We all have that one connection, that one that we can’t fully let go of, is in our system, we can’t get out of our system, I am no different, I have one of those to. There is the chance to rekindle, reconnect, but then i think of how it was, the hurt and part of me is finding trust hard, finding it hard to trust that his words when we do come face to face will be truthful, will be honest and sincere. That hurts me also because I want to believe he has left the past behind, he has left the other relationship behind and is ready to build a solid relationship with me, one that is based on true friendship. I want to believe that, with all my heart. I should be jumping for joy that they reached out and want to talk, but then I remember the hurt, lack of trust between us, and part of me thinks it is going to be the same old, same old. I look at his social media status and again, no change, so what am I to deduce, believe, expect?

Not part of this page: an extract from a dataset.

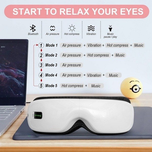 When our wireless eye massager is working,It has the functions of heating,vibrating, playing music and so on.

They say we often come full circle in life, back to the beginning. Here is the thing, I don’t want that same scenario, not again, not ever again. I don’t want to not have this person in my life, but I also have to love and respect myself enough to make sure that if they are, it is not a scenario that hurts me, that causes me pain, that drains my very life force. No matter how much we may care for each other, if we are not committed to growing as individuals, as a team and true commitment to that as a team, releasing any pain from the past, and truly letting go of our past, includes people, relationships necessary for this relationship to thrive, then it can’t work, won’t work. I need to be firm on this point, can’t waiver, for my own well being. I have to stand strong, has to be a situation that benefits me, not one that hurts me. Should I choose to embrace this individual whom I do care for very much back into my life, they must understand it can not be as it was back then, it must be a different scenario and I need concrete evidence that it will be, I need action not words, words alone won’t do it. Will that happen, we will see, we will see. What I do know is that full and total honesty must happen and I have to be kind to myself and take care of myself in this situation and all situations above all, doing what is best for me, my well being emotional and on all levels. We shall see what happens, but I will remain true to myself and my well being, won’t put up with any shenanigans or lies, anything like that, hell no!